Important Note: I realized that there are two asterisks in the payments table's representation in the relational schema below. Maybe this means that this table has a composite primary key (customerNumber+checkNumber). The problem is that 'checkNumber' does not appear in any other table.
This is the database's relational schema provided by the 'MySQL Tutorial' website:
Thank you for your attention!
This is called "combinatorial explosion" and it happens when rows in one table each join to multiple rows in other tables.
(It's not "overestimation" or any sort of estimation. It's counting data items multiple times when it should only count them once.)
It's a notorious pitfall of summarizing data in one-to-many relationships. In your example each customer may have no orders, one order, or more than one. Independently, they may have no payments, one, or many.
The trick is this: Use subqueries so your toplevel query with GROUP BY avoids joining one-to-many relationships serially. In the query you showed us, that's happening.
You can this subquery to get a resultset with just one row per customer. (try it.)
SELECT customernumber,
SUM(amount) amount
FROM payments
GROUP BY customernumber
Likewise you can get the value of all orders for each customer with this
SELECT c.customernumber,
SUM(od.qytOrdered * od.priceEach) amount
FROM orders o
JOIN orderdetails od ON o.orderNumber = od.orderNumber
GROUP BY c.customernumber
This JOIN won't explode in your face because customer can have multiple orders, and each order can have multiple details. So it's a strict hierarchical rollup.
Now, we can use these subqueries in the main query.
SELECT c.customernumber, p.payments, o.orders
FROM customers c
LEFT JOIN (
SELECT c.customernumber,
SUM(od.qytOrdered * od.priceEach) orders
FROM orders o
JOIN orderdetails od ON o.orderNumber = od.orderNumber
GROUP BY c.customernumber
) o ON c.customernumber = o.customernumber
LEFT JOIN (
SELECT customernumber,
SUM() payment
FROM payments
GROUP BY customernumber
) p on c.customernumber = p.customernumber
Takehome tricks:
A subquery IS a table (a virtual table) that can be used whereever you might mention a table or a view.
The GROUP BY stuff in this query happens separately in two subqueries, so no combinatorial explosions.
All three participants in the toplevel JOIN have either one or zero rows per customernumber.
The LEFT JOINs are there so we can still see customers with (importantly for a business) no orders or no payments. With the ordinary inner JOIN, rows have to match both sides of the ON conditions or they're omitted from the resultset.
Pro tip Format your SQL queries fanatically carefully: They are really verbose. Adm. Grace Hopper would be proud. That means they get quite long and nested, putting the Structured in Structured Query Language. If you, or anybody, is going to reason about them in future, we must be able to grasp the structure easily.
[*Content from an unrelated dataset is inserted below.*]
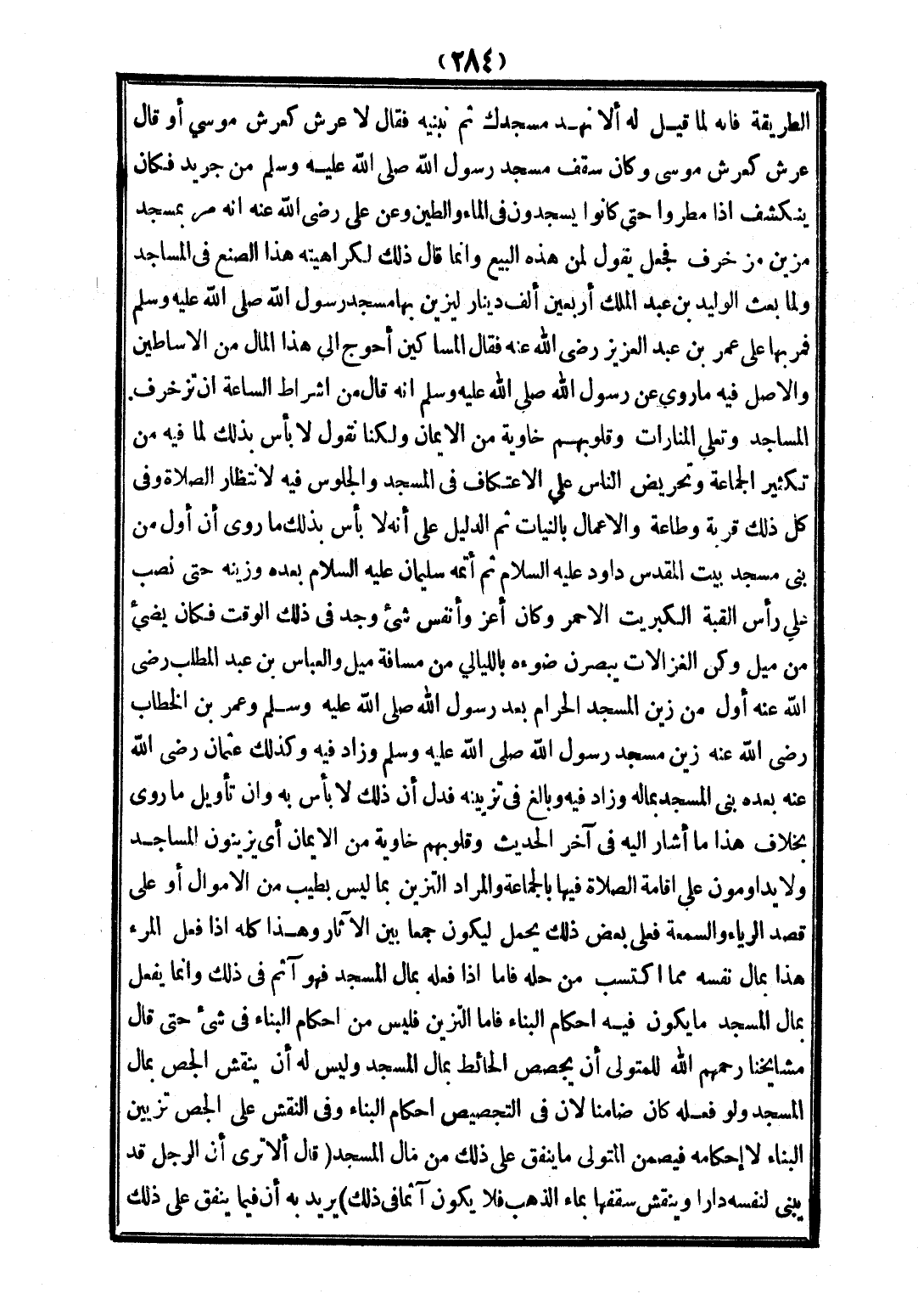 الطَّرِيقَةِ، فَإِنَّهُ «لَمَّا قِيلَ لَهُ: أَلَا نَهُدُّ مَسْجِدَك ثُمَّ نَبْنِيهِ فَقَالَ: لَا عَرْشَ كَعَرْشِ مُوسَى أَوْ قَالَ عَرْشٌ كَعَرْشِ مُوسَى وَكَانَ سَقْفُ مَسْجِدِ رَسُولِ اللَّهِ - صَلَّى اللَّهُ عَلَيْهِ وَسَلَّمَ - مِنْ جَرِيدٍ فَكَانَ يَنْكَشِفُ إذَا مُطِرُوا حَتَّى كَانُوا يَسْجُدُونَ فِي الْمَاءِ وَالطِّينِ» وَعَنْ عَلِيٍّ - رَضِيَ اللَّهُ عَنْهُ - أَنَّهُ مَرَّ بِمَسْجِدٍ مُزَيَّنٍ مُزَخْرَفٍ فَجَعَلَ يَقُولُ: لِمَنْ هَذِهِ الْبِيَعُ؟، وَإِنَّمَا قَالَ ذَلِكَ لِكَرَاهِيَتِهِ هَذَا الصُّنْعَ فِي الْمَسَاجِدِ، وَلَمَّا بَعَثَ الْوَلِيدُ بْنُ عَبْدِ الْمَلِكِ أَرْبَعِينَ أَلْفَ دِينَارٍ لِيُزَيِّنَ بِهَا مَسْجِدَ رَسُولِ اللَّهِ - صَلَّى اللَّهُ عَلَيْهِ وَسَلَّمَ - فَمَرَّ بِهَا عَلَى عُمَرَ بْنِ عَبْدِ الْعَزِيزِ - رَضِيَ اللَّهُ عَنْهُ - فَقَالَ الْمَسَاكِينُ أَحْوَجُ إلَى هَذَا الْمَالِ مِنْ الْأَسَاطِينِ وَالْأَصْلُ فِيهِ مَا رُوِيَ عَنْ رَسُولِ اللَّهِ - صَلَّى اللَّهُ عَلَيْهِ وَسَلَّمَ - أَنَّهُ قَالَ «مِنْ أَشْرَاطِ السَّاعَةِ أَنْ تُزَخْرَفَ الْمَسَاجِدُ وَتُعْلَى الْمَنَارَاتُ وَقُلُوبُهُمْ خَاوِيَةٌ مِنْ الْإِيمَانِ»، وَلَكِنَّا نَقُولُ لَا بَأْسَ بِذَلِكَ لِمَا فِيهِ مِنْ تَكْثِيرِ الْجَمَاعَةِ وَتَحْرِيضِ النَّاسِ عَلَى الِاعْتِكَافِ فِي الْمَسْجِدِ وَالْجُلُوسِ فِيهِ لِانْتِظَارِ الصَّلَاةِ، وَفِي كُلِّ ذَلِكَ قُرْبَةٌ وَطَاعَةٌ وَالْأَعْمَالُ بِالنِّيَّاتِ ثُمَّ الدَّلِيلُ عَلَى أَنَّهُ لَا بَأْسَ بِذَلِكَ مَا رُوِيَ أَنَّ أَوَّلَ مَنْ بَنَى مَسْجِدَ بَيْتِ الْمَقْدِسِ دَاوُد - عَلَيْهِ السَّلَامُ - ثُمَّ أَتَمَّهُ سُلَيْمَانُ - عَلَيْهِ السَّلَامُ - بَعْدَهُ وَزَيَّنَهُ حَتَّى نَصَبَ عَلَى رَأْسِ الْقُبَّةِ الْكِبْرِيتَ الْأَحْمَرَ وَكَانَ أَعَزَّ وَأَنْفَسَ شَيْءٍ وُجِدَ فِي ذَلِكَ الْوَقْتِ فَكَانَ يُضِيءُ مِنْ مِيلٍ وَكُنَّ الْغَزَّالَاتُ يُبْصِرْنَ ضَوْءَهُ بِاللَّيَالِيِ مِنْ مَسَافَةِ مِيلٍ وَالْعَبَّاسُ بْنُ عَبْدِ الْمُطَّلِبِ - رَضِيَ اللَّهُ عَنْهُ - أَوَّلُ مَنْ زَيَّنَ الْمَسْجِدَ الْحَرَامَ بَعْدَ رَسُولِ اللَّهِ - صَلَّى اللَّهُ عَلَيْهِ وَسَلَّمَ - وَعُمَرُ بْنُ الْخَطَّابِ - رَضِيَ اللَّهُ عَنْهُ - زَيَّنَ مَسْجِدَ رَسُولِ اللَّهِ - صَلَّى اللَّهُ عَلَيْهِ وَسَلَّمَ - وَزَادَ فِيهِ.

Pro tip 2 The data engineer who designed this database did a really good job thinking it through and documenting it. Aspire to this level of quality. (Rarely reached in the real world.)
In this particular case, your behavior should depend on the accounting style being supported by the database, and this does not appear to be "open item" style accounting ie when an order is raised for 1000 there does not need to be a payment against it for 1000.. This is perhaps unusual in most consumer experience because you will be quite familiar with open item style ordering from Amazon - you buy a 500 dollar tv and a 500 dollar games console, the order is a thousand dollars and you pay for it, the payment going against the order. However, you're also familiar with "balance forward" accounting if you paid for that order using your credit card because you make similar purchases every day for a month and hen you get a statement from your bank saying you owe 31000 and you pay a lump of money, doesn't even have to be 31k. You aren't expected to make 31 payments of 1000 to your bank at the end of the month. Your bank allocate it to the oldest items on the account (if they're nice, or the newest items if they're not) and may eventually charge you interest on unpaid transactions
1 ) Is there a way to look at the relational schema and identify if a Join can be executed
Yes, you can tell looking at the schema- customer has many orders, customer makes many payments, but there is no relation between the order and payment tables at all so we can see there is no attempt to directly attach a payment to an order. You can see that customer is a parent table of payment and order, and therefore enjoys a relationship with each of them but they do not relate to each other. If you had Person, Car and Address tables, a person has many addresses during their life, and many cars but it doesn't mean there is a relationship between cars and addresses
In such a case it simply doesn't make sense to join payments to customers to orders because they do not relate that way. If you want to make such a join and not suffer a Cartesian explosion then you absolutely have to sum one side or the other (or both) to ensure that your joins are 1:1 and 1:M (or 1:1 and 1:1). You cannot arrange a join that is a pair of 1:M.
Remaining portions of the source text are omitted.